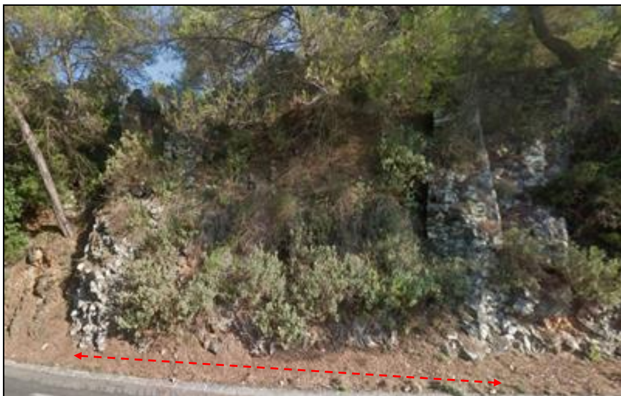
Au bord de la RD 2 qui passe juste en dessous, les restes de la culée nord qui montrent encore la largeur de l'ouvrage

Aujourd'hui, seules les deux culées de l'ouvrage sont encore visibles. La culée nord, côté Vence est très abîmée mais montre encore quelques pierres.
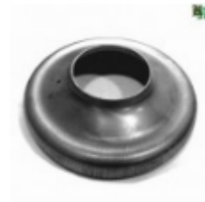
Переходник на трубу, арт. 8.15976
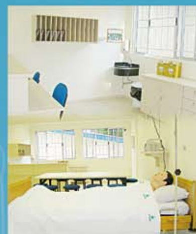
Laboratório de Enfermagem

Além dos laboratórios a escola conta com:
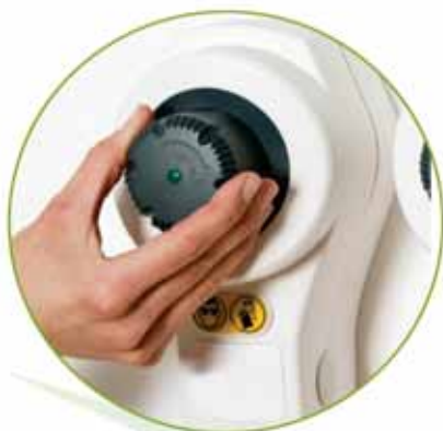
Funzionamento ruota e premi
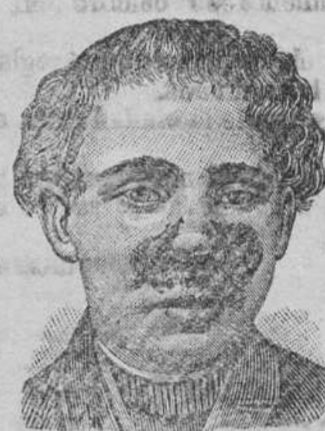
Antes de la curación.

Curación radical de todas las enfermedades de la piel, de las llagas de las piernas y del artrismo, reumatismo, gota, dolores, etc., por medio del Tratamiento de L. RICHELET
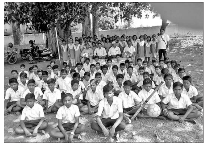
ରେଡ଼ାଖୋଲରେ ଅନୁଷ୍ଠିତ କ୍ରୀଡ଼ା ପ୍ରତିଭା ଚୟନ ଶିବିରରେ ଭାଗ ନେଇଥିବା ଛାତ୍ରଛାତ୍ରୀ
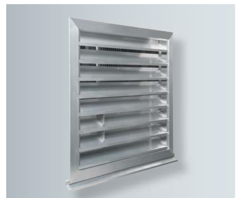
Aufgeräumte Optik an der Fassade (dargestellt: Zuluftseite der Wärmepumpe)

Die Systemkombination steht in zwei Leistungsgrößen zur Verfügung. Das als Zubehör angebotene flexible Kunststoff-Flachkanalsystem gewährleistet eine schnelle, einfache und ganz individuelle Anpassung der gesamten Lüftungsanlage an die bauseitigen Gegebenheiten.
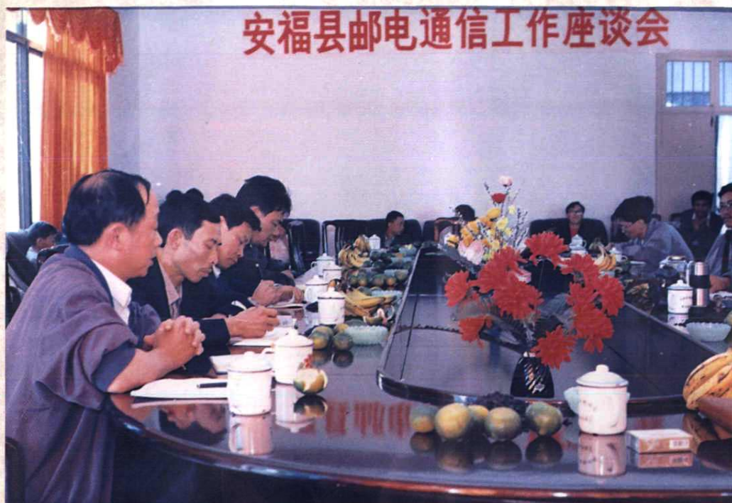
1995年安福县邮局通信工作座谈会
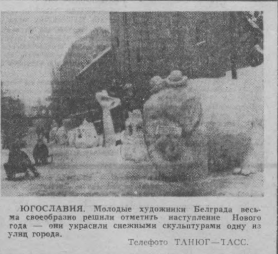
ЮГОСЛАВИЯ. Молодые художники Белграда весьма своеобразно решили отметить наступление Нового года — они украсили снежными скульптурами одну из улиц города.
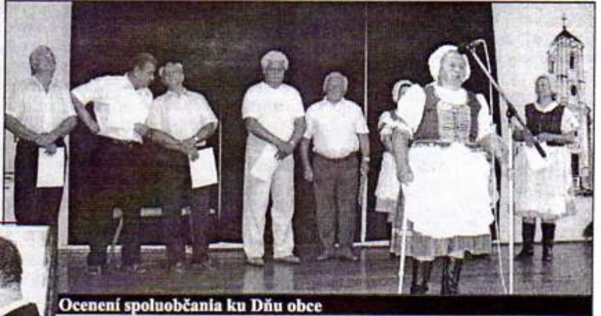
Ocenení spoluobčaní ku Dňu obce

Pri príležitosti 680. výročia od prvej písomnej zmienky o obci Rakovnica obecné zastupiteľstvo a starosta obce udelili ďakovné listy občanom obce, skupine, organizácii, kolektívu, ktorí sa významným spôsobom zaslúžili o rozvoj obce, aktívnu činnosť pre občanov, propagáciu obce, šírenie dobrého mena a dôstojnú reprezentáciu obce.
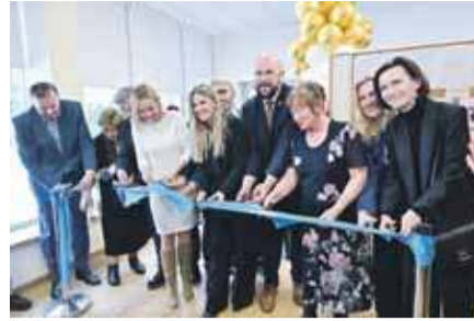
skich seniorów do zapisów, które prowadzi Miejski Ośrodek Pomocy Społecznej.

Klub czynny jest od poniedziałku do piątku w godzinach od 15.00 do 19.00 z wyłączeniem dni ustawowo wolnych od pracy. Serdecznie zapraszamy wszystkich zakopian-
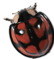
カメノコテントウ

100万種以上にも及ぶ圧倒的な種数の豊富さを誇る昆虫は、4億年以上にわたる進化の歴史の中で、地球上のあらゆる環境に進出し、それぞれの種の棲息環境に適応した多様な形質を発達させてきた。そのような昆虫は、多様性の宝庫であり、多様性創出の進化メカニズムを解き明かすための研究材料として無限の可能性を秘めている。進化発生研究部門では、昆虫が進化の過程で獲得した翅や角などの新奇形質に着目し、昆虫の多様な形質をもたらす分子基盤および進化メカニズムを解明することを目指している。
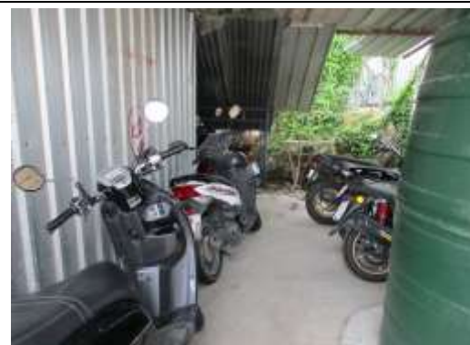
รูปที่ 4 พื้นที่จอดรถภายในโครงการ
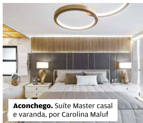
Aconchego. Suíte Master casal e varanda, por Carolina Maluf
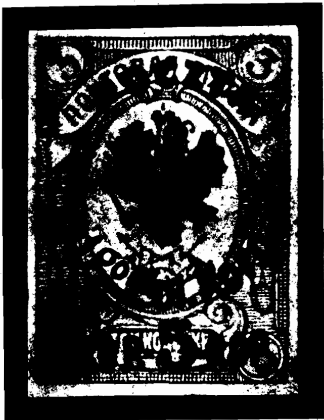
Rys. 16. Powiększony polski nadruk z próbnodruku pocztówki, wykonanego przy I wydaniu znaczków.

Na tej podstawie musimy przyjąć, że już przy pierwszym wydaniu znaczków projektowano także i przedruk całostek, powodem zaś niewydania ich równocześnie z pierwszymi znaczkami była techniczna trudność przedruku litograficznego pojedynczych całostek, względnie brak w owej litografii odpowiednich urządzeń, skutkiem czego można było wydać je dopiero po przeniesieniu przedruku do drukarni w twierdzy.
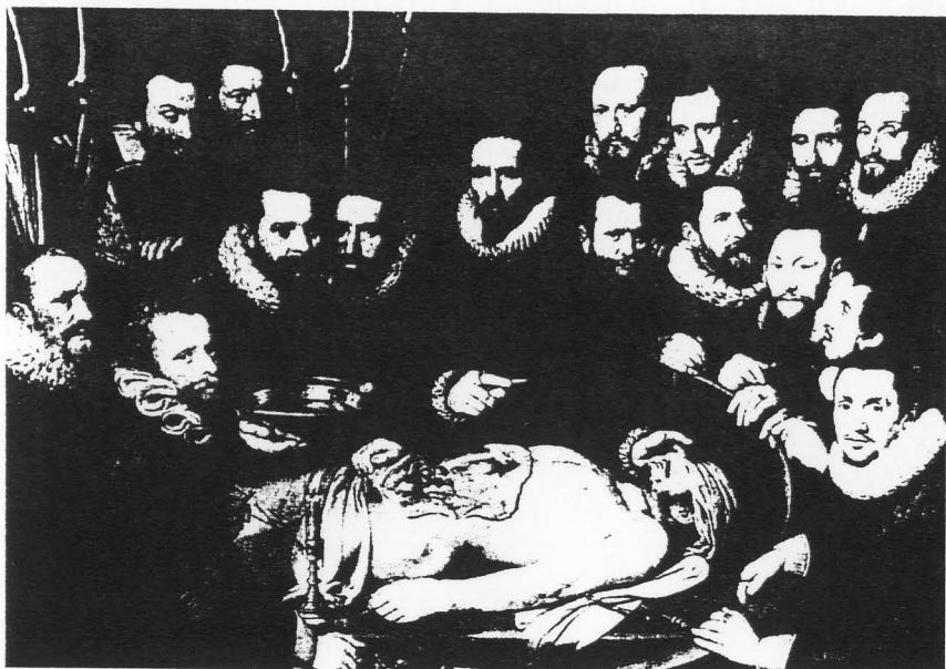
図2 ピーター・ファン・ミーレフェルト『ウィレム・ファン・デル・メーア博士の解剖学講義』(1617) デルフト, Oude en Nieuwe Gasthuis 蔵。
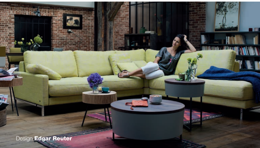
Design Edgar Reuter
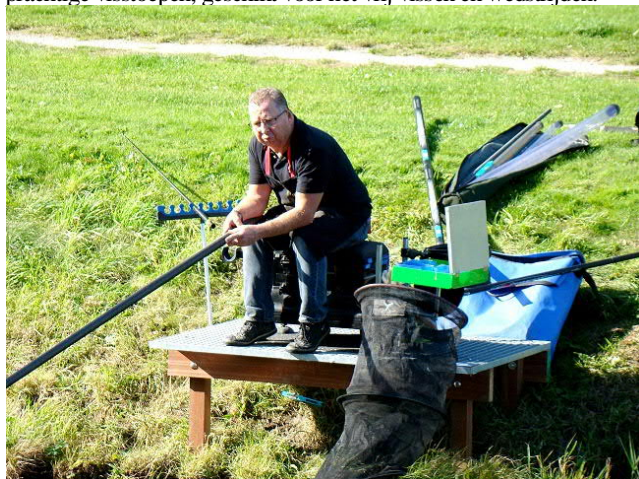
Nieuwe visstoep in gebruik

Afgelopen winter is een langgekoesterde wens van onze vereniging gerealiseerd, het creëren van extra visstoepen langs de Leurse haven. Aan het Jaagpad, tussen de Slickbrug en de Coen de Koningbrug, is door een aantal vrijwilligers van onze vereniging hard gewerkt. Nadat het bestuur de voorbereidende administratieve verplichtingen had afgerond en een professioneel grondwerkbedrijf eerst de dragende palen in de grond had gedruild, zijn daar door zelfwerkzaamheid van een aantal van onze leden de dwarsliggers op aangebracht. Hierna zijn daarop roosters van 1,50 bij 1 meter vastgemaakt met als resultaat 34 prachtige visstoepen, geschikt voor het vrij vissen en wedstrijden.
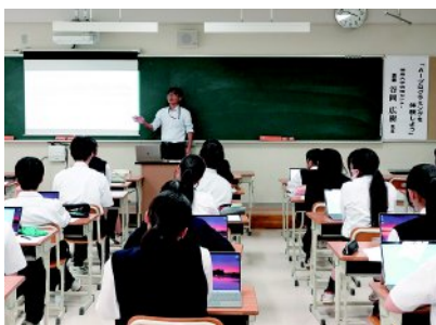
外部講師授業「AIプログラミングを体験しよう」
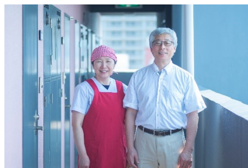
寮長寮母夫妻(イメージ)

一橋大学が主催する「2021 第1回 HOUSE 会議」(Housing Officers For University Student Education)は、「 学生が安心して過ごせる教育寮の在り方 」をテーマに、学生寮運営に関わる大学教員や学生スタッフ、また企業関係者が、各学生寮の取り組みや問題点について意見交換を行う交流会です。現場担当者間のネットワーク構築を図り、学びの場として機能を果たし、今後の望ましい教育の在り方を考えていくことを目的としています。コロナ禍における学生寮内の感染対策や、入居率の悪化などで運営継続に苦慮する中、参加者がアイデアを持ち寄り議論します。
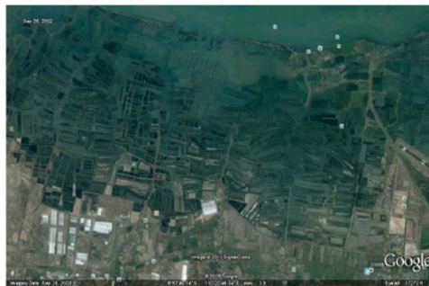
Gambar 1. Peta lokasi penelitian, Ekosistem mangrove Wilayah Tapak, Kelurahan Tugurejo Kota Semarang

Penelitian ini dilakukan di wilayah Tapak, Kelurahan Tugurejo Kota Semarang. Sampel penelitian untuk pengukuran logam berat pada ekosistem mangrove diambil menggunakan teknik “ purposive sampling ” berdasarkan sebaran tambak dari daratan ke arah laut.
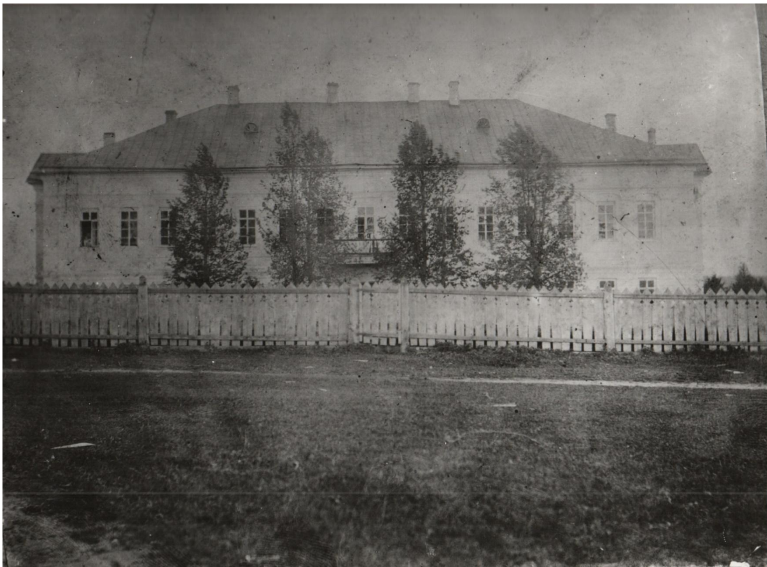
Общий вид дома с севера Фото нач. XX в.

————

◆ **PROBLEM TO SOLVE**: Pick from the records each line that contains the word "obce" and show it.

◆ **YOUR RESPONSE**:
Ocenení spoluobčaní ku Dňu obce
Pri príležitosti 680. výročia od prvej písomnej zmienky o obci Rakovnica obecné zastupiteľstvo a starosta obce udelili ďakovné listy občanom obce, skupine, organizácii, kolektívu, ktorí sa významným spôsobom zaslúžili o rozvoj obce, aktívnu činnosť pre občanov, propagáciu obce, šírenie dobrého mena a dôstojnú reprezentáciu obce.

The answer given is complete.